Conférence environnementale: nouveau test de l'ambition verte du gouvernement

Paris - La 4e conférence environnementale, qui aura lieu lundi et mardi, sera une nouvelle occasion de tester l'ambition écologique du gouvernement, les ONG et les Verts étant remontés contre la gestion des dossiers de Notre-Dame-des-Landes et de la transition énergétique.

Trois jours après avoir signé à New-York l'accord de Paris sur le climat, François Hollande accueillera ONG, élus, ministres, syndicats et patronat lundi matin à l'Elysée dans une ambiance a priori bien moins enthousiaste que celle de vendredi au siège des Nations unies.

Cela ne doit pas être une conférence environnementale pour rien, prévient Pascal Canfin, ex-ministre écologiste du gouvernement Ayrault, aujourd'hui directeur général du WWF France. Mais quand on regarde les propositions sur la table, c'est très léger, il va falloir les étoffer sur la programmation pluriannuelle de l'énergie, la fiscalité, et Notre-Dame-des-Landes, dit-il.

La programmation pluriannuelle de l'énergie est un document qui doit détailler la part des différentes énergies (nucléaire, renouvelables, etc.) dans les prochaines années, afin d'atteindre les objectifs de la loi sur la transition énergétique (réduction de la consommation d'énergie et des émissions de gaz à effet de serre, baisse de la part des énergies fossiles et nucléaire).

Sans ce document opérationnel, la loi votée en aout 2015 restera une déclaration d'intentions.

Mais baisser la part du nucléaire de 75 à 50% en 2025 dans la production d'électricité implique de fermer des réacteurs et le gouvernement ne cesse de repousser la publication de cette feuille de route, désormais promise d'ici au 1er juillet.

Sur le nucléaire, il faut assumer qu'il faudra fermer des centrales, il ne faut pas refaire le débat sur la transition énergétique qui a duré trois ans (débat national et discussion au Parlement), plaide Denis Voisin, le porte-parole de la Fondation Hulot.

- Notre-Dame-des-Landes surdimensionné -

La gestion du projet contesté d'un aéroport à Notre-Dame-des-Landes a aussi braqué le camp écologiste.

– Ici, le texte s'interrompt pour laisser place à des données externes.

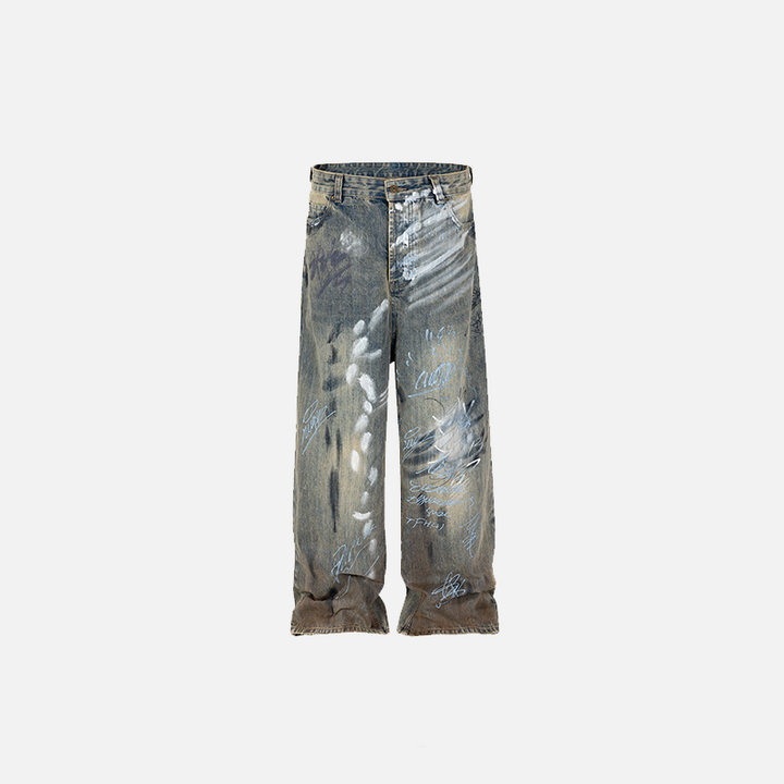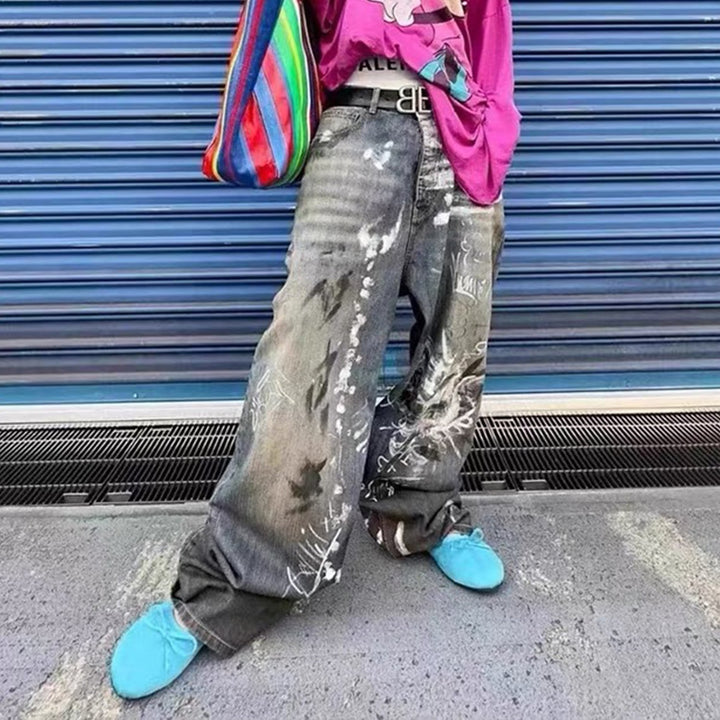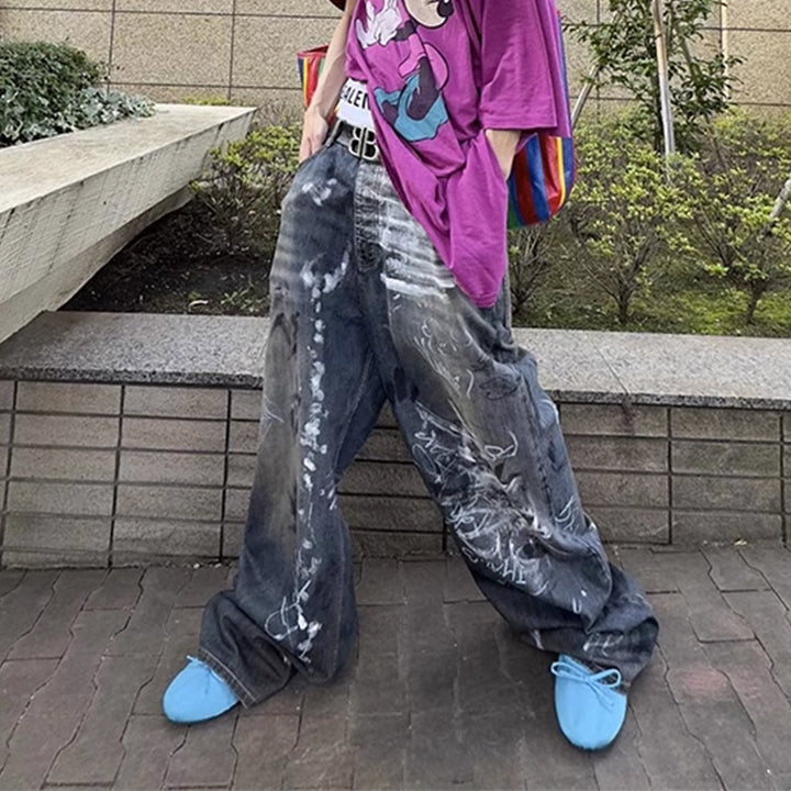 Wide-leg Baggy Graffiti Jeans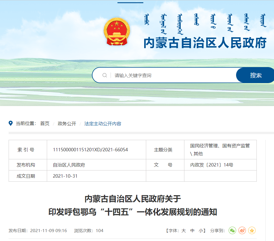 中国铁合金网:内蒙古自治区人民政府关于印发呼包鄂乌“十四五”一体化发展规划的通知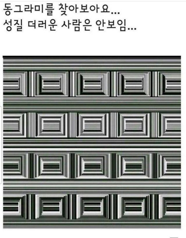 사각형 사이의 중앙 세로방향을 유심히 보면 동그라미가 보인다고 한다.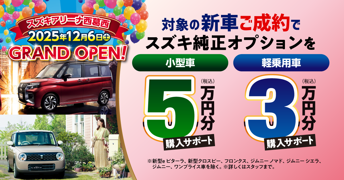 期間中対象の新車をご成約頂いた方に『最大5万円のスズキ純正オプション』と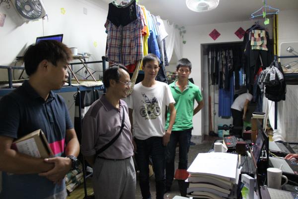9月24日晚上8点半,计科公司党总支书记徐大军、经理刘益和、副经理李尧、辅导员吴昊老师及2014级班主任张利强一行人来到男生寝室,进行走访慰问。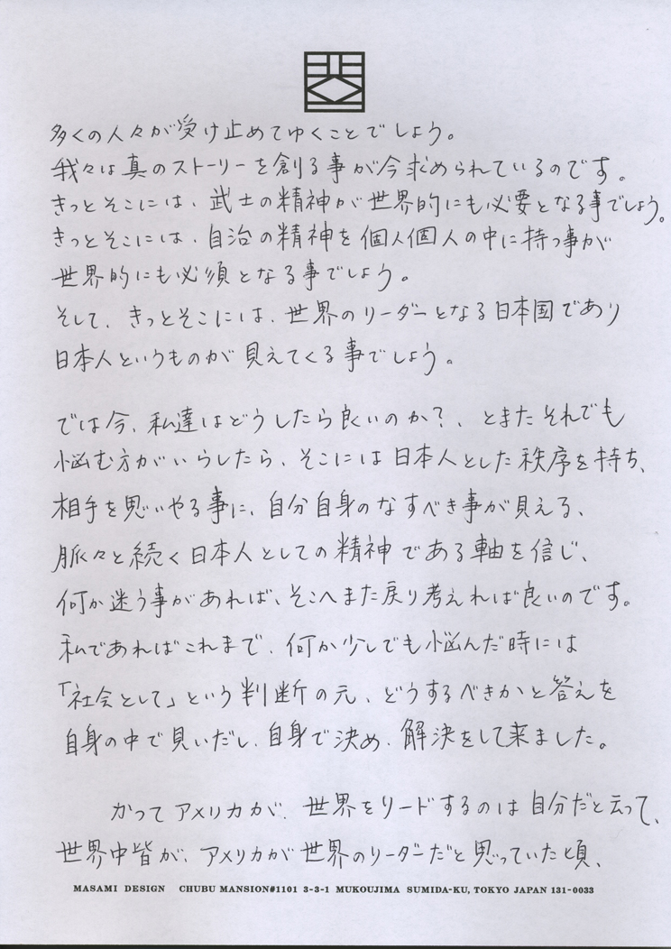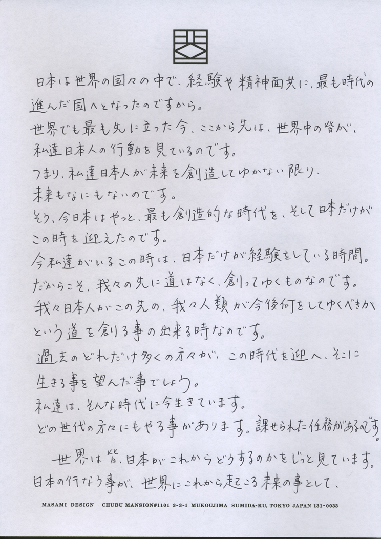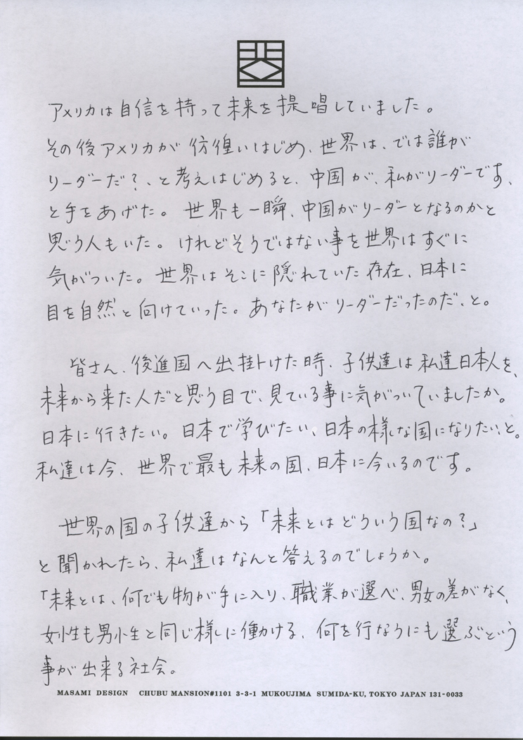 非常に今日も前向きです。 私達の母国への想いや未来へ繋がりますイメージの言葉を

L'organisation d'un référendum local en juin ne va pas clore le débat, estiment les ONG, qui contestent le périmètre de la consultation (la Loire-Atlantique) et la pertinence économique du projet, en plus de son impact environnemental et sa cohérence avec des objectifs de la COP21.

D'autant qu'un récent rapport de synthèse commandé par Ségolène Royal a jugé le projet surdimmensionné et apporté du grain à moudre aux opposants.

Notre-Dame-des-Landes illustre les renoncements, les impasses de la politique environnementale de ce gouvernement, estime Denez L'Hostis, président du réseau France nature environnement (FNE). Nous sommes bien loin de l'excellence environnementale, soupire le dirigeant.

Lors de la première conférence de ce type, en septembre 2012, François Hollande avait affirmé vouloir faire de la France la nation de l'excellence environnementale, suscitant beaucoup d'attentes.

Mais près de quatre ans plus tard et malgré le succès de la COP21, les écologistes ont déchanté.

Les deux textes législatifs emblématiques ont pris du retard (3/4 des décrets sur la transition énergétique doivent encore être publiés, et la loi sur la biodiversité n'est toujours pas votée).

Il faut passer du succès diplomatique (sur le climat) aux actions, en adaptant nos outils fiscaux et notre politique économique, il s'agit d'être cohérent, avance Julien Bayou, porte-parole d'EELV.

Sur le verdissement de la fiscalité, en dépit d'avancées (début d'un rattrapage essence-gasoil, création d'une taxe carbone sur les carburants), la France est toujours parmi les mauvais élèves en Europe, note Lorelei Limousin du Réseau action climat.

Pour donner des gages, le gouvernement veut aborder lors des tables rondes de lundi et mardi le prix du carbone, la gestion des espaces maritimes, la sensibilisation des citoyens à la transition écologique, l'amélioration de la qualité de l'eau, ainsi que les liens entre environnement et santé (pesticides, perturbateurs endocriniens, nanomatériaux).

Tout juste rentrée de dix jours aux Etats-Unis pour préparer la signature de l'accord sur le climat, Ségolène Royal, la ministre de l'Environnement et de l'Energie, donnera lundi le coup d'envoi des travaux, avant le discours de François Hollande en fin de matinée. Sans la CGT qui a décidé de boycotter l'évènement.

La clôture des débats aura lieu mardi en début d'après-midi au ministère de l'Ecologie.